There fixed that for ya 

Carl


----------



## Cprail43 (Jan 1, 2013)

My layout era is the 2006-2008 range. Since I will be modeling CP and CN in a fictional part of Alberta, I wanted a year where a better variety of locomotives are available. I also wanted that era for the other potential roads my layout will have, including UP, and BNSF.


----------



## icolectto (Nov 28, 2012)

*What year is your layout?*

The years of 1940's and 1950's.


----------



## Crofinger (Nov 22, 2013)

cole226 said:


> be kinda neat to have a pre WWII town on one end of layout, and modern today version of the same town on other end of layout.
> progress or abandonment???
> expansion or ruins? get what i'm going for here?:dunno:


So many possibilities.


----------



## Crofinger (Nov 22, 2013)

Kwikster said:


> There fixed that for ya
> 
> Carl


You just gave me a great idea. I live in St. Paul Minnesota. The twin cities have a rich history along the Mississippi river during prohibition. There are countless caves and tunnels in cliffs along the Mississippi where the mafia used to move and store liquor. Now i have a plan for my top layout. 
Thanks man.


----------



## Big Ed (Jun 16, 2009)

1850ish to 2013.  USA!


----------



## norgale (Apr 4, 2011)

Ed that pretty much covers all of railroading history. When will you start this super layout? It ought to take up about a half an acre or so. Ha!  Pete


----------



## shaygetz (Sep 23, 2007)

I dunno, but when Tony Koester of Model Railroader magazine described one similar to mine as "confusing", I took it as a compliment. The last thing I want a rivet counter to associate with my work is comfortable...:thumbsup::cheeky4:


----------



## Big Ed (Jun 16, 2009)

norgale said:


> Ed that pretty much covers all of railroading history. When will you start this super layout? It ought to take up about a half an acre or so. Ha! Pete


That is what it means Pete, I mix all kinds of trains together.
I don't think about the Era, I don't care, I buy what I like and run them all together.

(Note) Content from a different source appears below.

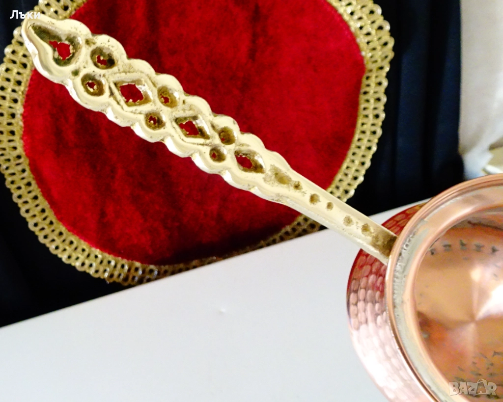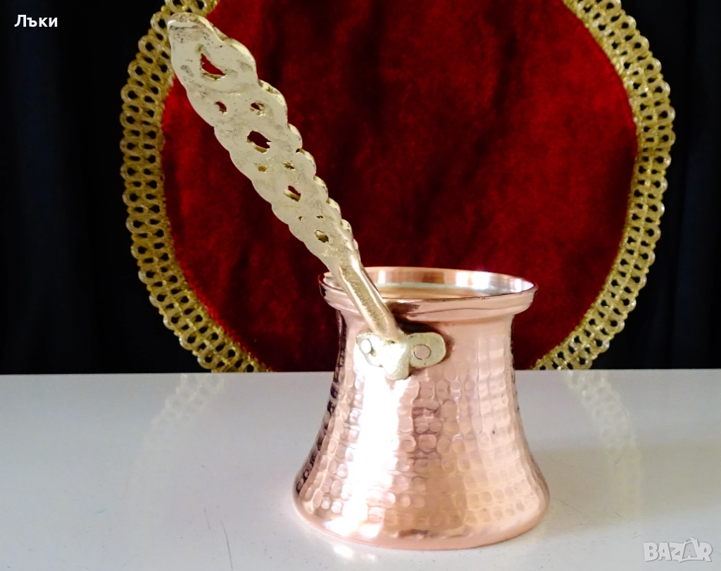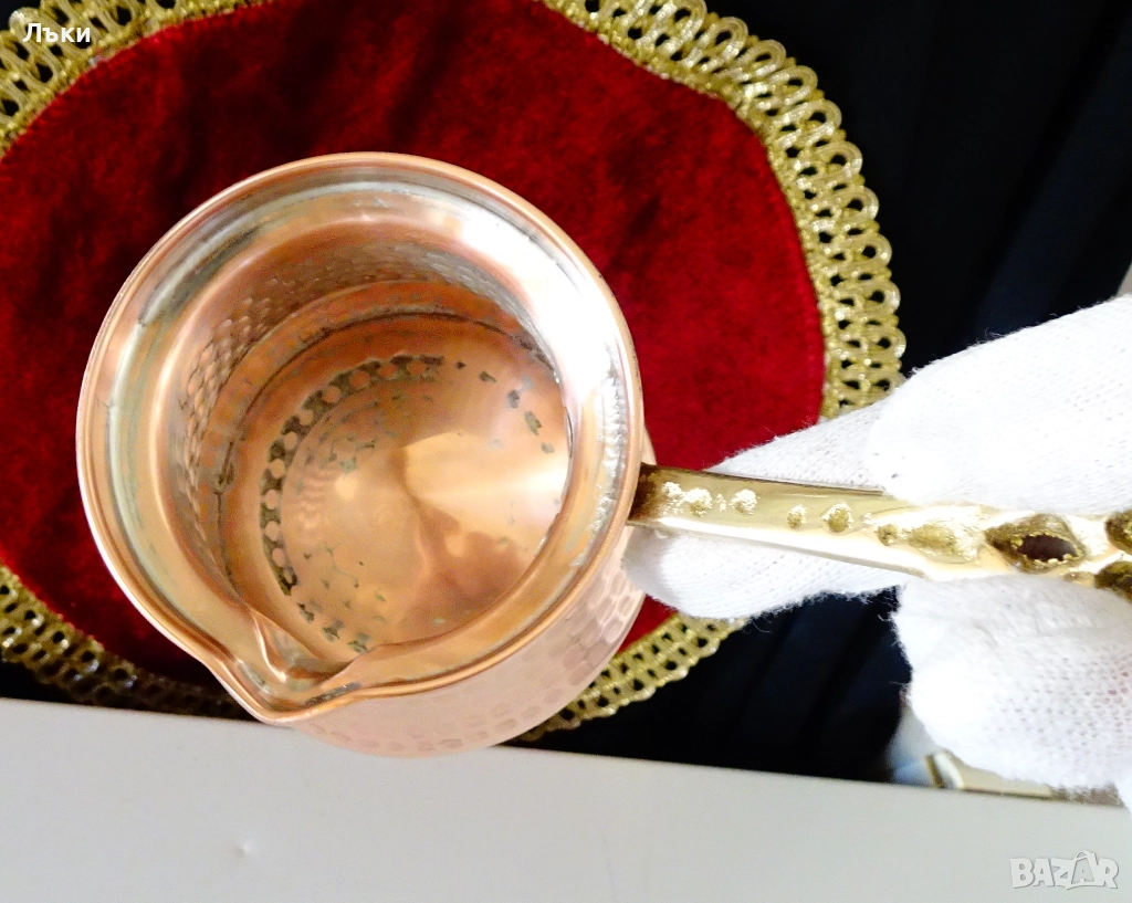 мед.Има бронзова дръжка,стабилно закрепена за съда с медни нитове.Височина 8

Right now I am keeping my eyes opened for one of the John Bull sets in O gauge.
You will see it (if I get one) running along side of diesels. :thumbsup:

That certain time Era for a layout never appealed to me. :smokin:

It is my RR!


----------



## norgale (Apr 4, 2011)

Tony Koester would not approve at all. Talk about a rivet counter. Ha! Pete


----------



## rogruth (Mar 6, 2012)

Mr.Koester probably doesn't approve of any 3rail O stuff except the so-called 3rail scale with 180" radius curves.In an earlier post I stated that my layout is operated most like BigEds.That is why,IMHO,3railers have more enjoyment from their layouts.It took me 9 years to build my "almost" done layout so I can play with it.I have a friend that is building an HO layout that is now into his 17th year.He can "run" it but not "operate" it the way he wants.


----------



## mnp13 (Aug 22, 2013)

Tonight, myself and a four year old and a ten year old operated my trains. Two loops, a log loader and a milk car. Round and 'round and 'round they go! I'm not interested in time period or scale or "function" I just like playing with my trains. 

My cameras have paid for themselves, but since this never will, I just have fun.


----------



## Big Ed (Jun 16, 2009)

mnp13 said:


> Tonight, myself and a four year old and a ten year old operated my trains. Two loops, a log loader and a milk car. Round and 'round and 'round they go! I'm not interested in time period or scale or "function" I just like playing with my trains.
> 
> My cameras have paid for themselves, but since this never will, I just have fun.


If you charge the kids to play with them it might.


----------



## rogruth (Mar 6, 2012)

mnp13 said:


> Tonight, myself and a four year old and a ten year old operated my trains. Two loops, a log loader and a milk car. Round and 'round and 'round they go! I'm not interested in time period or scale or "function" I just like playing with my trains.
> 
> My cameras have paid for themselves, but since this never will, I just have fun.


This is the attitude I would hope to see from every model railroader,having fun.


----------



## norgale (Apr 4, 2011)

It's not my job to run the train,
or even ring the bell.
But let the damned thing jump the track,
and see who catches hell.
Ode to the Conductor by unknown.


----------